══ DATA SHOWN ══

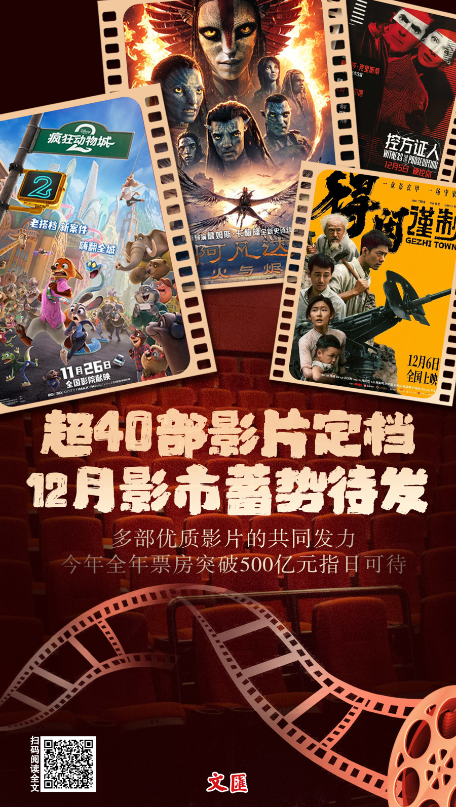 12月电影市场打破传统档期模式,超40部影片梯次定档,开启票房冲刺。截至12月3日19时,预售票房突破9500万元,猫眼想看人数超过23.6万。在《阿凡达:火与烬》等重磅新片及《疯狂动物城2》长尾效应带动下,全年突破500亿元指日可待。战争题材方面,《得闲谨制》与修复版《赛德克·巴莱》呈现家国情怀;科幻巨制《阿凡达:火与烬》领衔多元类型片,配合宁浩、饶晓志等导演新作及经典重映,形成全月持续供给。市场以丰富片单展现活力,行业正期待跨年档再创佳绩。
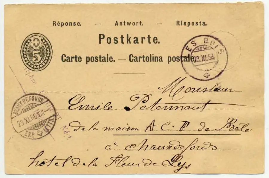 Postkarte Antwortteil ES BUIS / CHAUX DE-FONDS
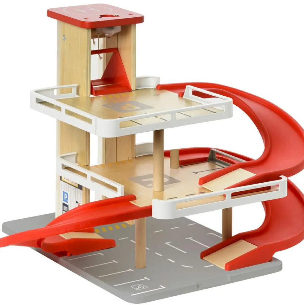 Ce garage lumineux de trois niveaux offre des possibilités d’histoires infinies à votre enfant ! A chaque étage, il trouve des places de parking pour garer ou faire circuler ses voitures. D’ailleurs, deux voitures en métal sont incluses pour qu’il commence à les faire rouler sans plus attendre. Pressé par le temps ou juste envie d’offrir des sensations fortes à ses voitures ? Il utilise le grand ascenseur mécanique qui passe par tous les niveaux. Le dos de l’ascenseur est transparent avec les numéros des étages, idéal pour savoir quand s’arrêter ! Envie de changement ? Au sommet de ce grand garage, un hélicoptère permet de quitter la terre pour s’aventurer dans le ciel. D’ailleurs, quand la nuit tombe, votre enfant peut éclairer son garage pour continuer à s’inventer de nombreuses histoires.
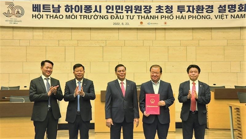 Đồng chí Nguyễn Văn Tùng, Chủ tịch UBND thành phố trao giấy chứng nhận đăng ký đầu tư cho các nhà đầu tư Hàn Quốc
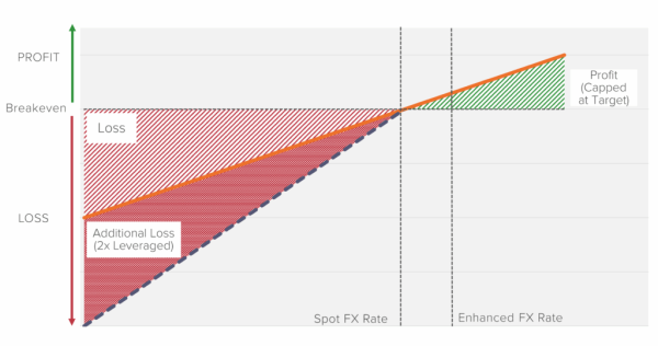 The diagram below shows the payoff of a TARF contract. If the enhanced rate is better than the spot rate, the investor profits—up to the target redemption amount. But if the spot rate falls below a set threshold, the investor must keep transacting at a loss. TARFs frequently use leverage. This makes losses more severe. Critically, if a TARF was used for hedging, hitting the target redemption cap early can leave the investor suddenly unhedged just when protection is most needed.
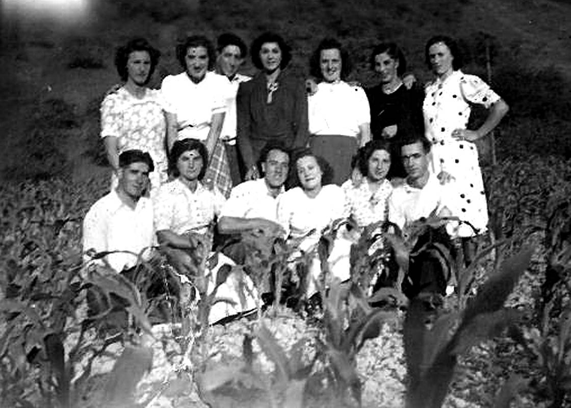 Azalpena: Taldeko argazkia, artatzan. Besteak beste, Margarita Aranbarri, Dunix Urrutia , Bitxori Aginaga, Eustakia Espilla eta Maria Laka. Makurtuta: Ramon Elordi, Rosario Aginaga, Domingo Espilla, Agustina Galdos, Pakita Elordi eta Julian Argoitia.

═══

# WHAT TO WORK ON
Begin at the top of the material above and output each line exactly, stopping after the line that holds "Postkarte Antwortteil ES". Leave out pictures.

# EXERCISE RESULT
 12月电影市场打破传统档期模式,超40部影片梯次定档,开启票房冲刺。截至12月3日19时,预售票房突破9500万元,猫眼想看人数超过23.6万。在《阿凡达:火与烬》等重磅新片及《疯狂动物城2》长尾效应带动下,全年突破500亿元指日可待。战争题材方面,《得闲谨制》与修复版《赛德克·巴莱》呈现家国情怀;科幻巨制《阿凡达:火与烬》领衔多元类型片,配合宁浩、饶晓志等导演新作及经典重映,形成全月持续供给。市场以丰富片单展现活力,行业正期待跨年档再创佳绩。
 Postkarte Antwortteil ES BUIS / CHAUX DE-FONDS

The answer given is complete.